# RECORDS SUPPLIED
..............................

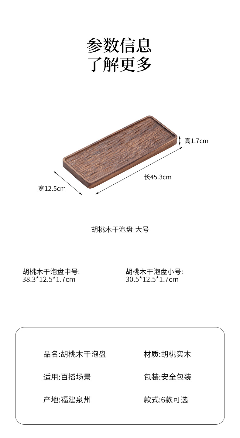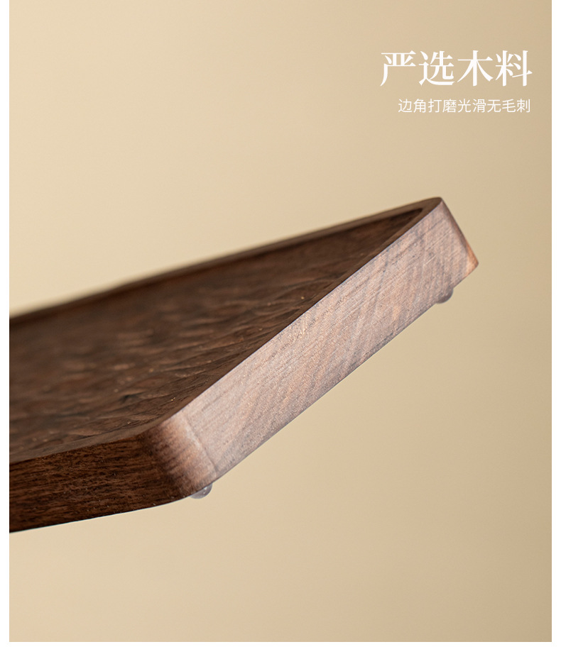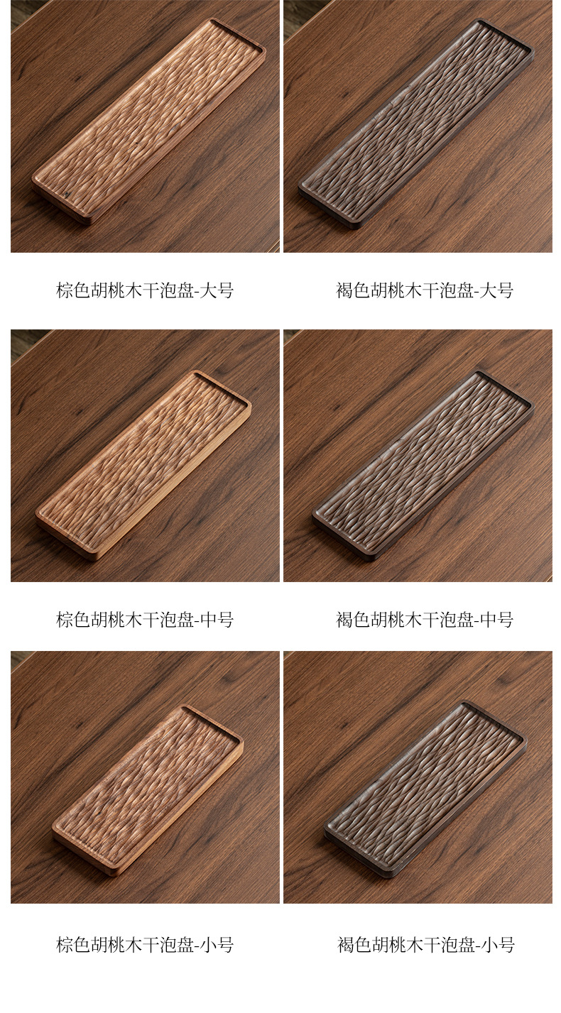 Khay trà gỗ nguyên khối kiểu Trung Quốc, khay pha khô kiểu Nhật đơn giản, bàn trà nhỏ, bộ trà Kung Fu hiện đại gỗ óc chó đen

..............................

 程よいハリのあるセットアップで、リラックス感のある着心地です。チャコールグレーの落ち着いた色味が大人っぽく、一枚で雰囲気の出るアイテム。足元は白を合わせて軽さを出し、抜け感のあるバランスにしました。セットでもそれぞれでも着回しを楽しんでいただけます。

..............................

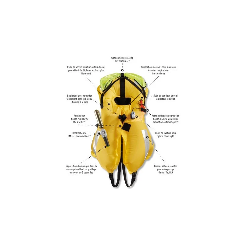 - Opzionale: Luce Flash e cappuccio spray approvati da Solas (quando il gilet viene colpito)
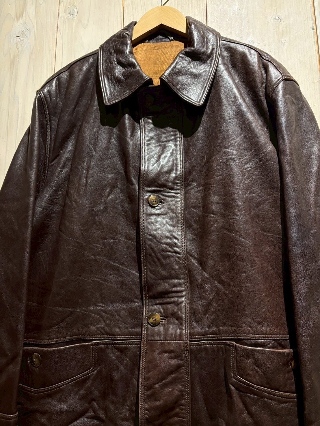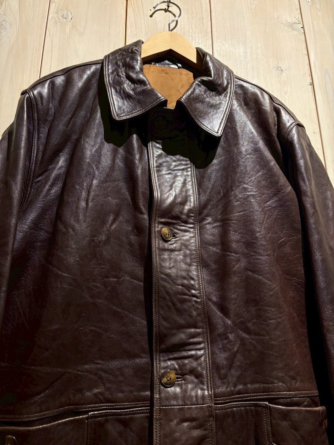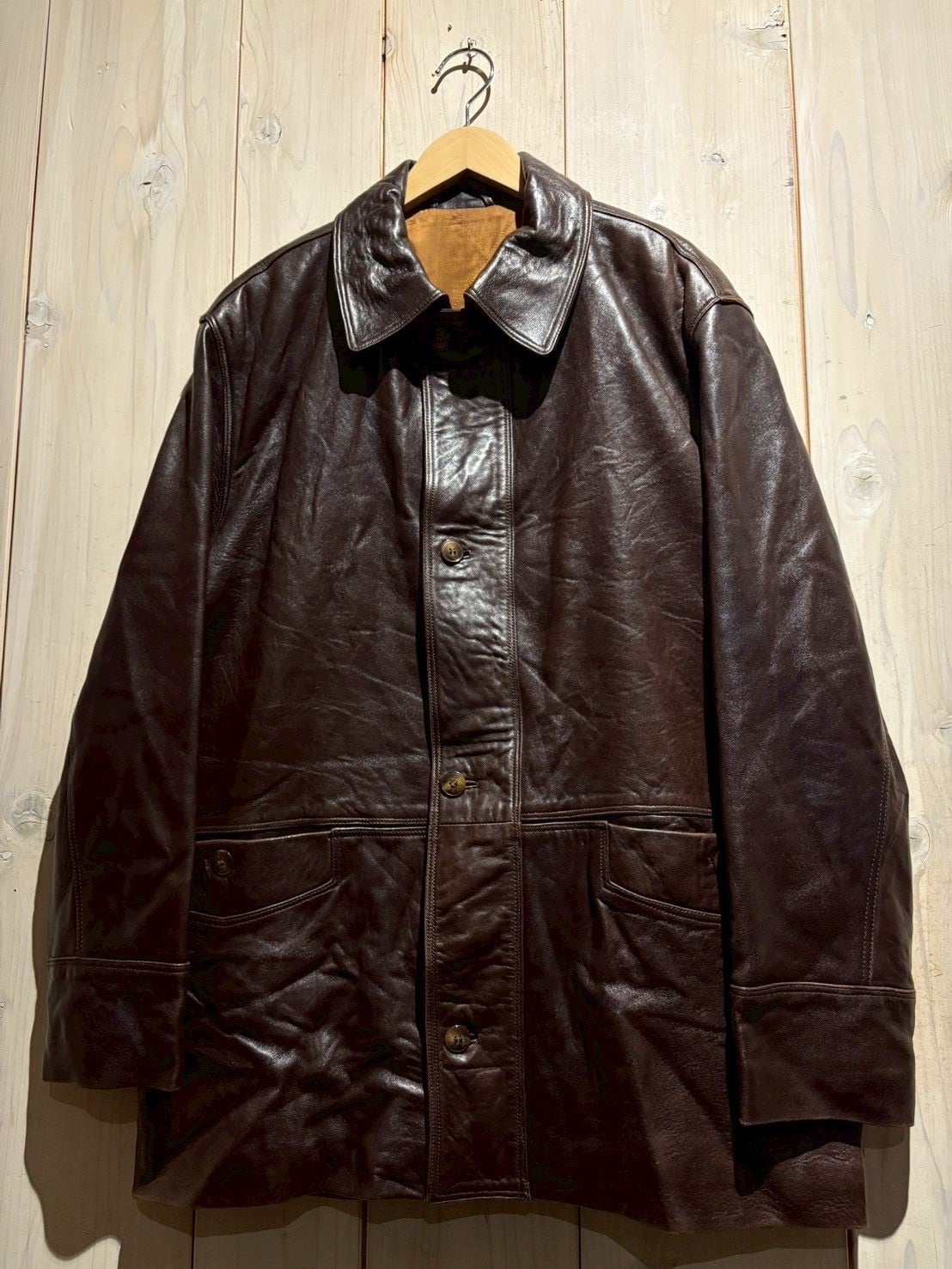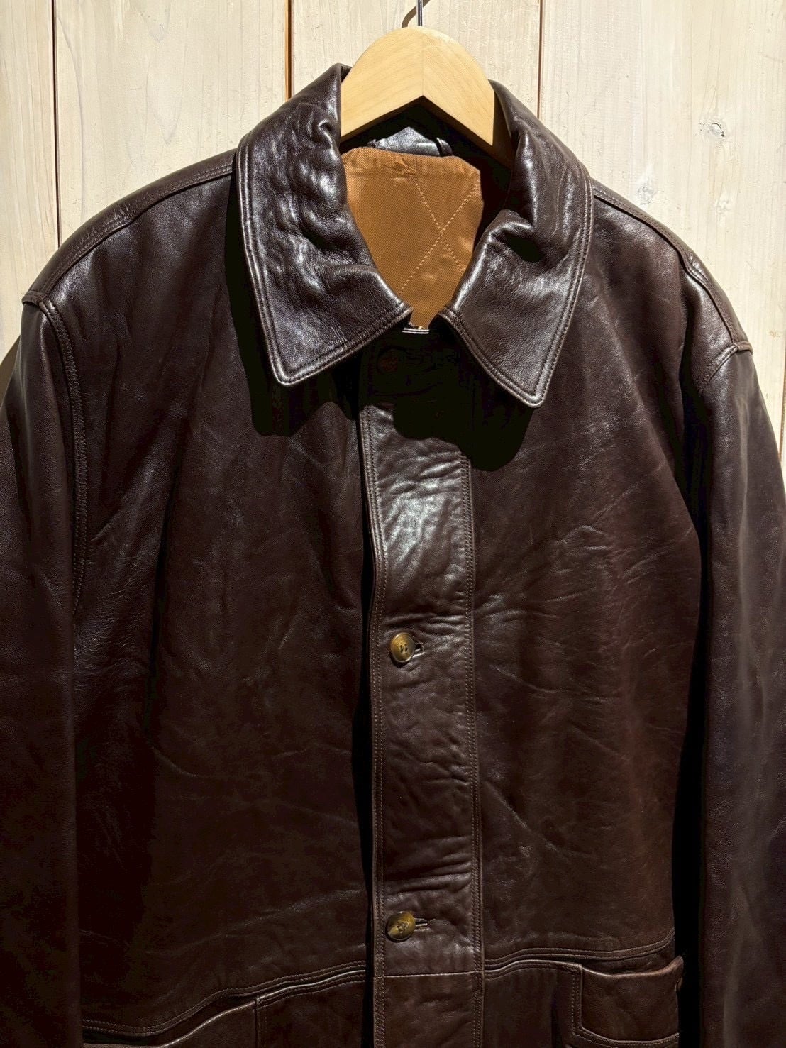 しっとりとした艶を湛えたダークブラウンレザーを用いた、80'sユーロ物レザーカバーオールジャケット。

..............................

# ACTIVITY
Would you copy the lines above exactly, starting with the one that has "- Opzionale: Luce" and ending with the one that has "しっとりとした艶を湛えたダー", both included, without the pictures?

# EXERCISE RESPONSE
 - Opzionale: Luce Flash e cappuccio spray approvati da Solas (quando il gilet viene colpito)
 しっとりとした艶を湛えたダークブラウンレザーを用いた、80'sユーロ物レザーカバーオールジャケット。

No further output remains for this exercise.